# Fn ps90



## Kemposhot (Jun 7, 2011)

Just bought one of these a month ago.  It's the civilian version of the P90.  I've only taken it to the range once so far, but it shoots great and is a lot of fun.  Just curious though to see if anyone else owns, and what they think about it.  Also if anyone can recommend anything to buy to add on to it or go along with it.  Thanks!!


----------



## Archangel M (Jun 7, 2011)

My .02

It's an overpriced .22 that looks "cool". 
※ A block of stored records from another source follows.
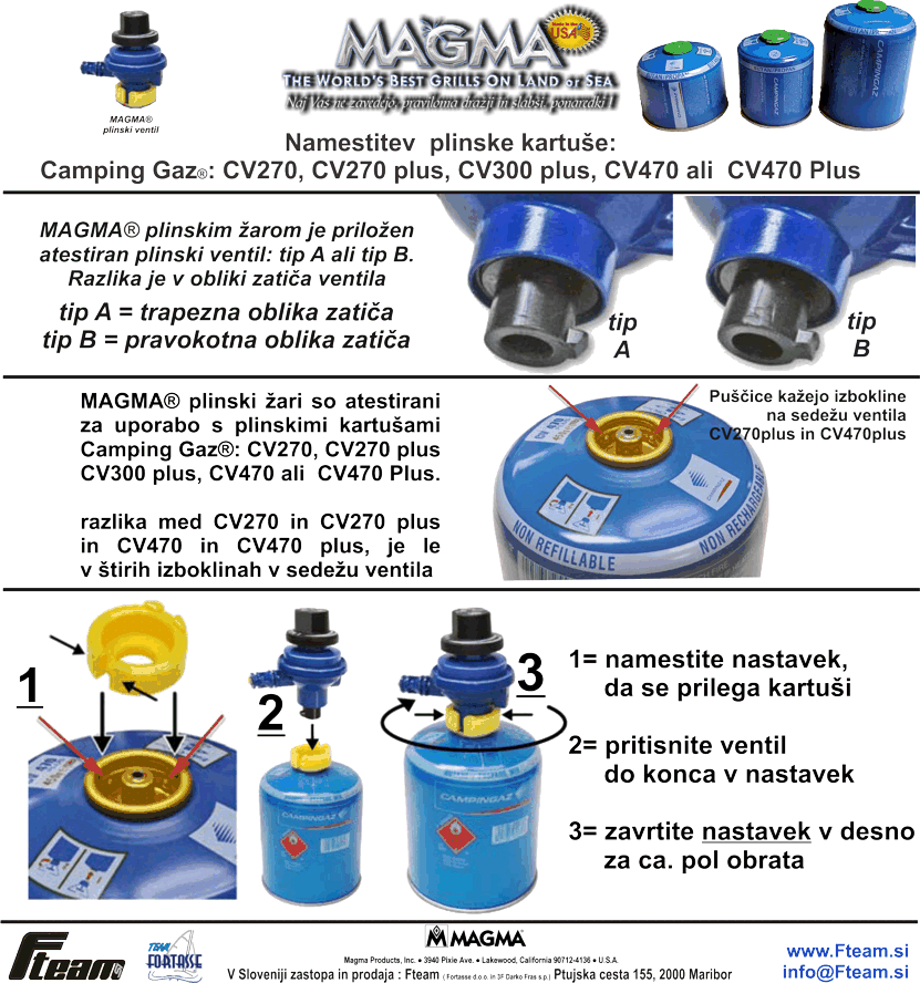 so ene pogosteje uporabljenih kartuš, kupiti jih je mogoče pri nas, v vseh prodajalnah s kamp opremo, na večini bencinskih črpalk in gradbenih centrih, v Merkur-ju, v trgovinah Jager, pa pri Intersportu, ... v slovenskem in hrvaškem primorju tudi v večjih samopostrežnih trgovinah, .... Poraba je odvisna od klimatskih razmer in od tega koliko boste odvili regulacijski ventil; za modele A10 bo CV270 ali CV300, zadoščala za 1-2 uri "grilanja", CV470 pa za 2 do 4 ure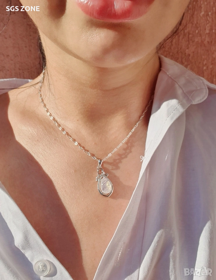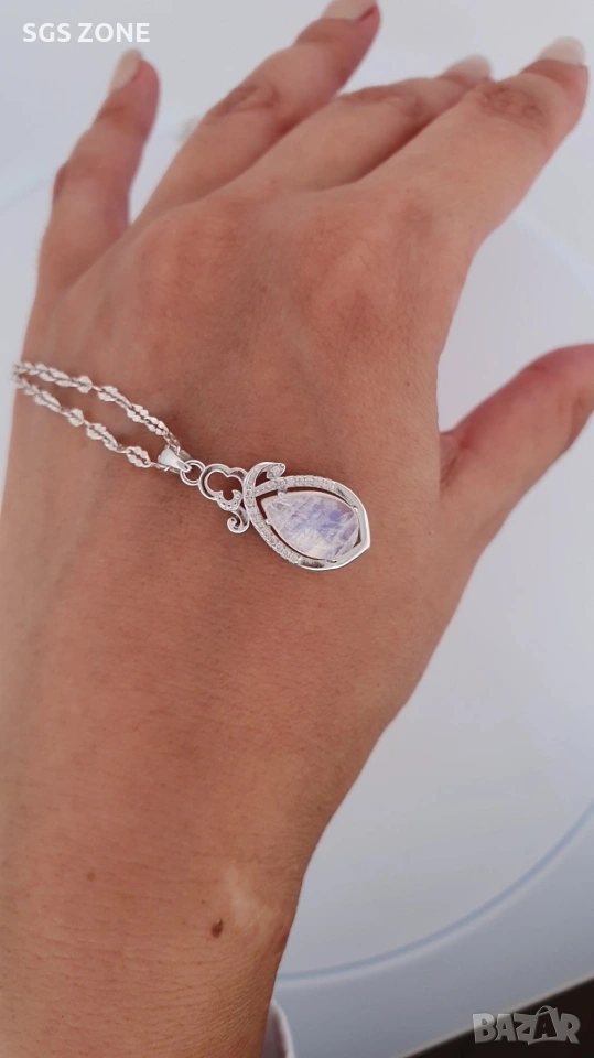 Сребърна висулка с лунен камък от Тайланд. Още снимки и видеа на продукта в Instagram и Facebook sgs.zone, уебсайт sgs.zone. Можем да изпратим допълнителна информация чрез Viber. Изпращане Speedy и Эконт. Шоурум в София, Дондуков, 53. Всички продукти са със сертификати и подаръчна кутия. Продукти имат допълнителни български маркировки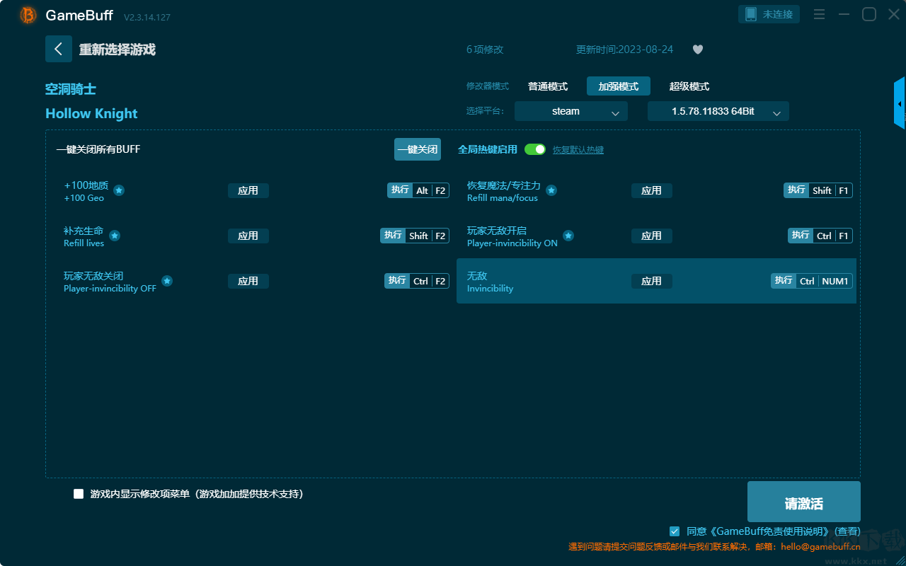空洞騎士四項修改器pc綠色版加強模式修改功能介紹
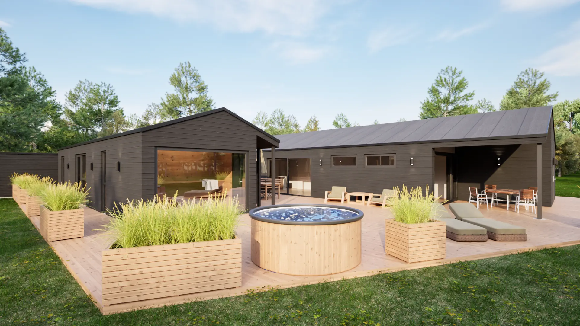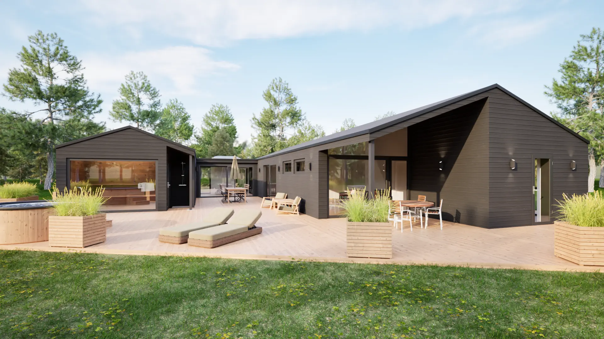 Projektet er et moderne sommerhus, hvor enkel nordisk æstetik og funktionelle løsninger går hånd i hånd. De mørke træfacader giver huset et markant og nutidigt udtryk, som samtidig harmonerer med den omgivende natur. Den rummelige træterrasse fungerer som husets naturlige samlingspunkt. Huset er udført efter nutidens standarder og med stor respekt for den enkle, skandinaviske byggestil.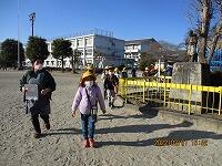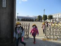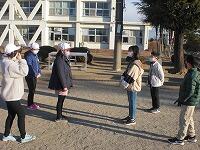 1年生の体育の時間も参観していただきました。1年生は、持久走大会のコースを歩いて確認したり、トラックを走ったりしました。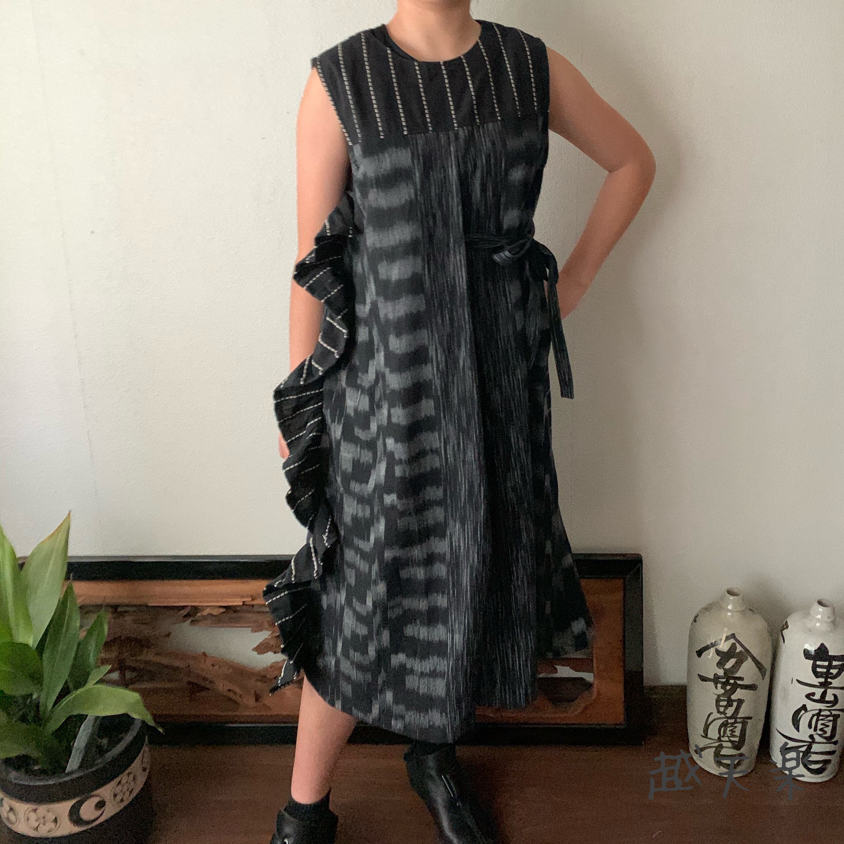 『サイドフリルとサイドリボンとハイウエストの贅沢手織り綿ワンピース 全方位遊び心のアクセント満載なワンピース』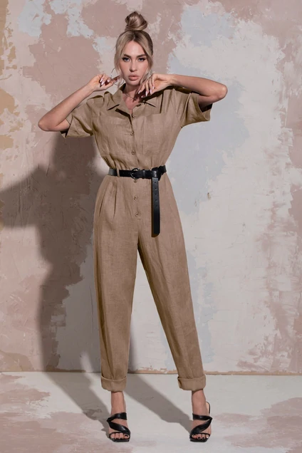 Комбинезон с центральной застежкой на петли и пуговицы, втачным воротником с отрезной стойкой. По переду- накладные карманы, расположенные на уровне груди. Спинка со средним швом. Комбинезон со съемным поясом. Нижняя часть комбинезона с карманами, и двумя односторонними складками, вход в карман наклонный к боковому шву.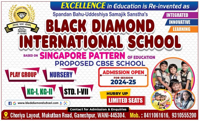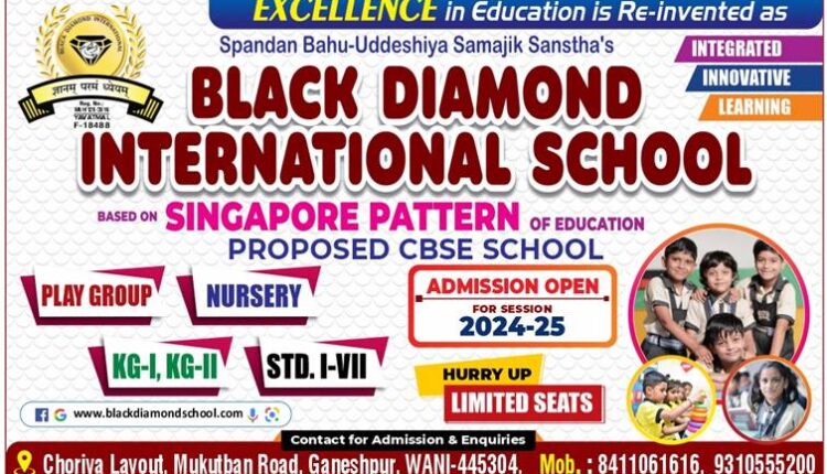 वणीतील ब्लॅक डायमंड इंटरनॅशनल स्कूलमध्ये प्रवेश सुरू, अवघ्या काही जागा शिल्लक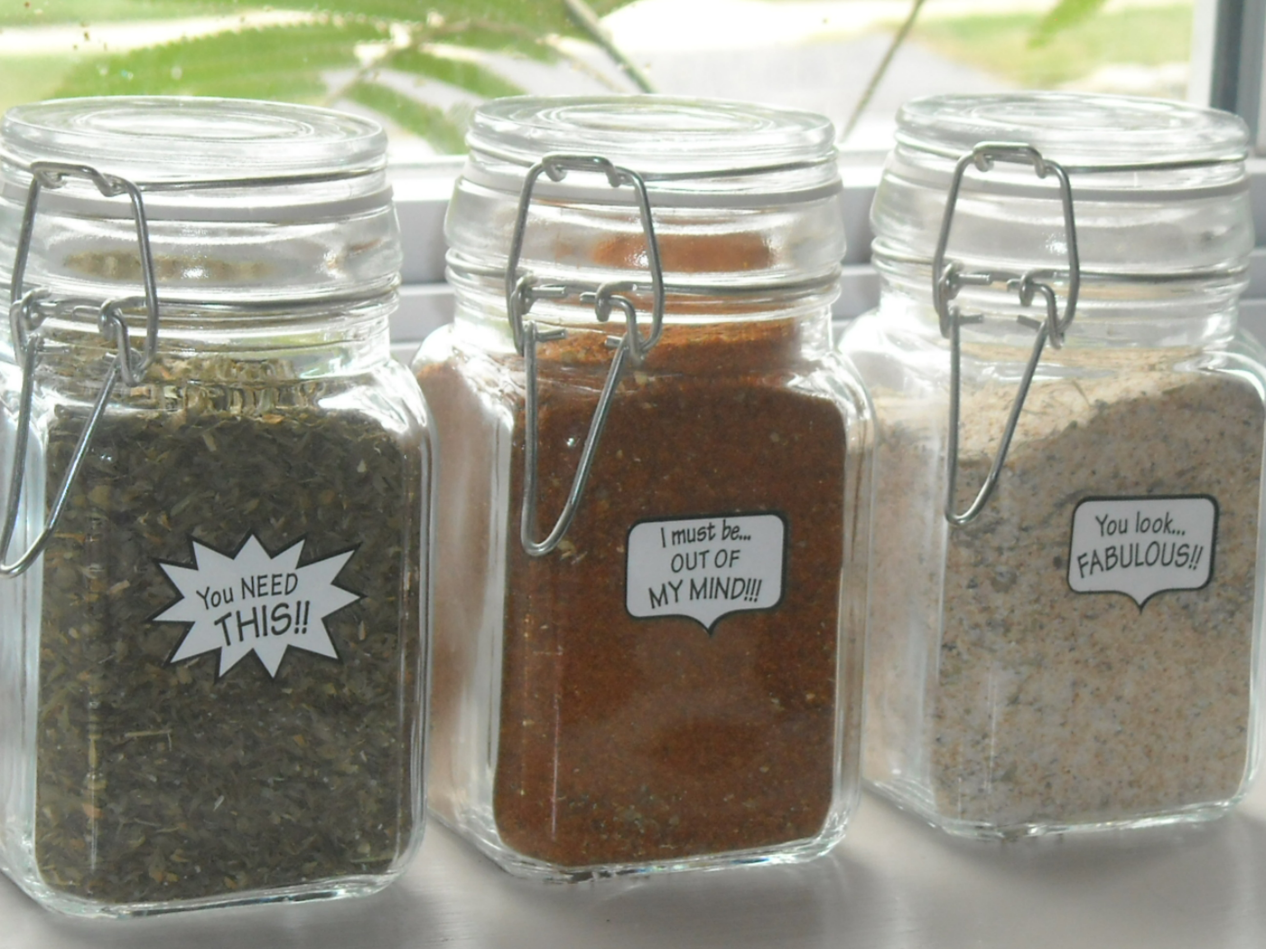 I didn’t have labels, so one of my best friends (who was with me at the time) and I decided to use some word bubbles stickers from my scrapbooking stash. Because the colors are so different, it’s not hard to figure out which is which seasoning. However it was fun to be a smartypants!
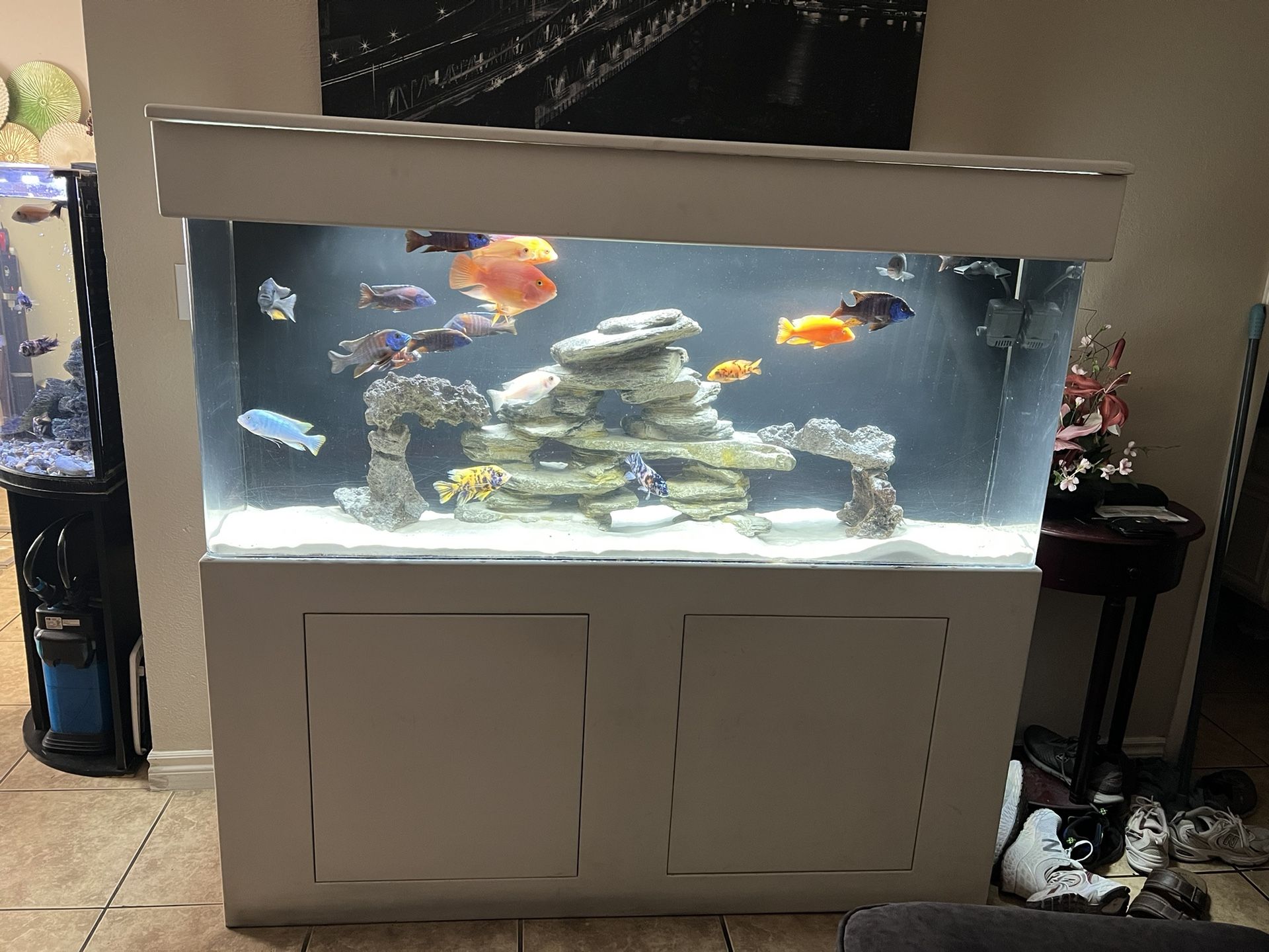 Selling my 125 acrylic fish tank with filtration built-in , heater sand decoration 2 programmable Bluetooth lights it’s a complete set. Measurements 60 “L X 18”W X 24”H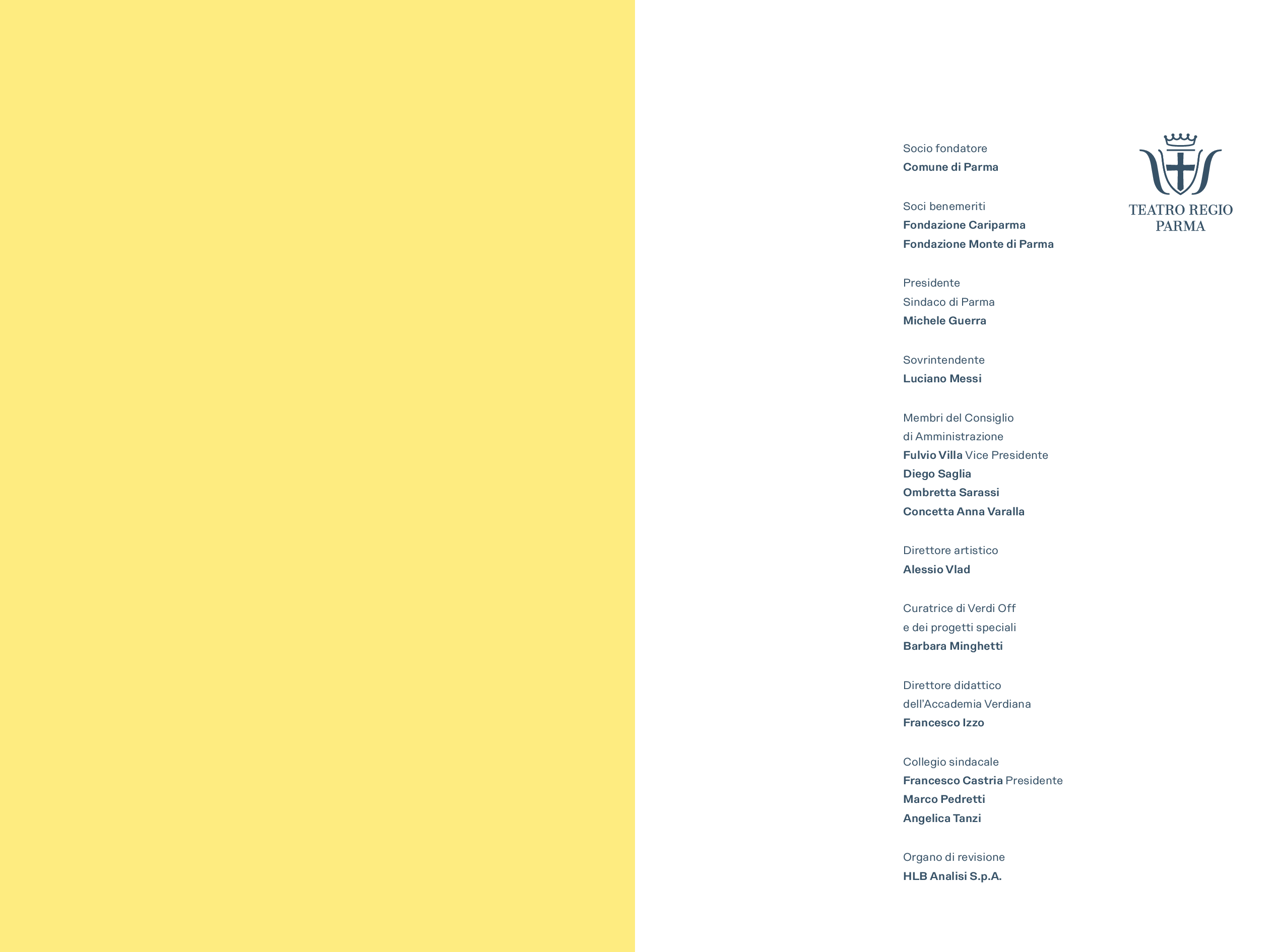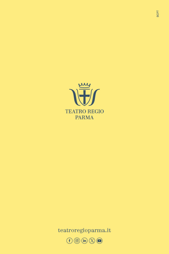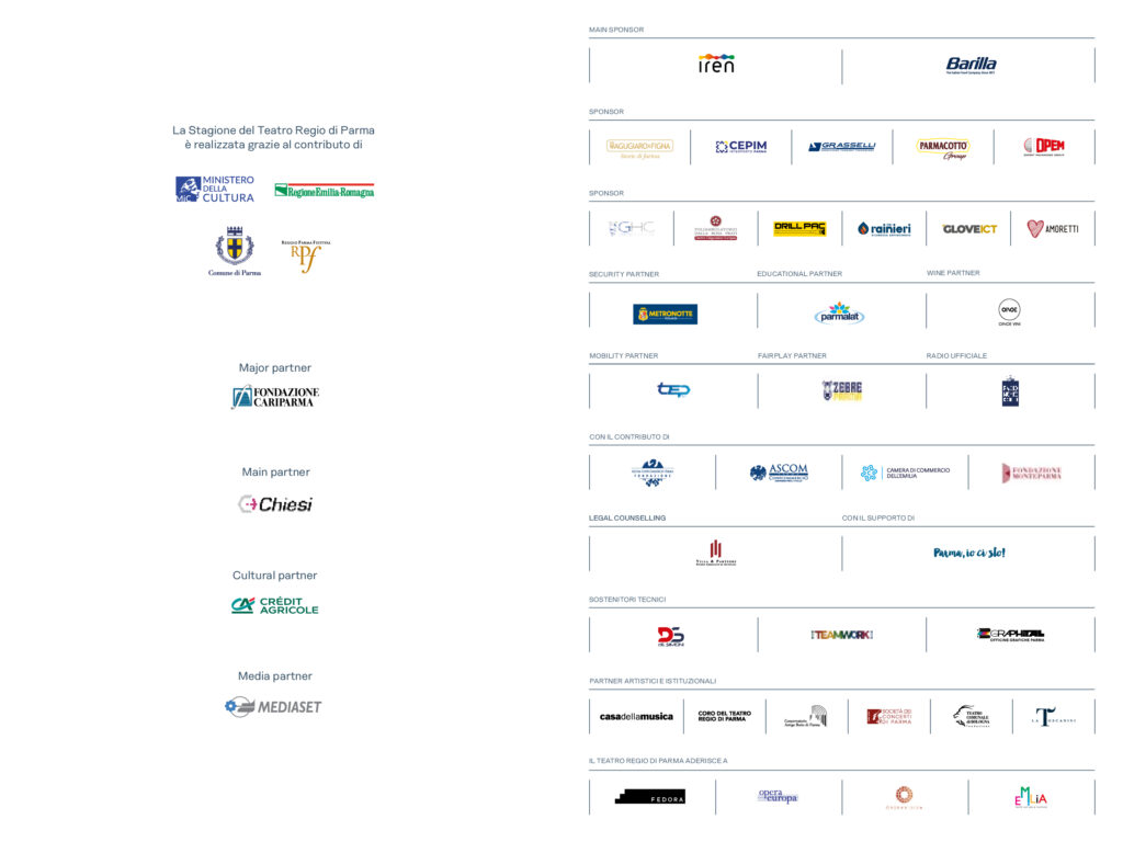 La Stagione del Teatro Regio di Parma è realizzata grazie al contributo di Comune di Parma, Ministero della Cultura, Reggio Parma Festival, Regione Emilia-Romagna. Major partner Fondazione Cariparma. Main partner Chiesi. Cultural partner Crédit Agricole. Media partner Mediaset. Main sponsor Iren, Barilla. Sponsor Agugiaro e Figna, CePIM, Grasselli, Parmacotto, Opem, GHC, Poliambulatorio Dalla Rosa Prati, Drill Pac, Rainieri, GloveICT, Amoretti. Security partner Metronotte. Educational partner Parmalat. Wine partner Oinoe. Mobility partner Tep. Radio Ufficiale Radio Monte Carlo. Fair Play partner Zebre. Con il contributo di Ascom Confcommercio Parma Fondazione, Ascom Parma Confcommercio, Camera di Commercio dell’Emilia, Fondazione Monteparma. Legal counselling Villa&Partners. Con il supporto di “Parma, io ci sto!”. Sostenitori tecnici De Simoni, Teamwork, Graphital. Partner artistici e istituzionali Casa della Musica, Coro del Teatro Regio di Parma, Conservatorio “Arrigo Boito”, Società dei Concerti di Parma, Fondazione Teatro Comunale di Bologna, La Toscanini. Il Teatro Regio di Parma aderisce a Fedora, Opera Europa, Operavision, Emilia taste, nature, culture.

The 5.7X28 is an unproven manstopper. The P90 is a "niche gun" designed for a "niche role". 9mm based subguns like the MP5 are great for CQB but wouldn't penetrate body armor. The 5.7X28 (at short range) will penetrate armor but the terminal performance is severely lacking. The wound channel is far too small (think icepick). Even with the ammunition designed to make it partialy effective it has experienced many problems failing to provide adequate stopping power. Civilians are unable to even get that ammunition. While the BG may eventually bleed out, I'd go for something more proven to do "more with less".

BUT

Not meaning to rain on your fun with a cool new gun....If you can afford it and you enjoy shooting it there is absolutely nothing wrong with THAT and in a pinch, well, I wouldn't volunteer to get shot with one. I would prefer an M4 myself.


----------



## SFC JeffJ (Jun 8, 2011)

I gotta agree about the rounds performance. But they do look cool and would be a lot of fun to shoot.


----------



## chinto (Jun 14, 2011)

hell the 6.8 is a lot better round.. I personally prefer the 7.62 X 63 or the 7.62X51 any day!


----------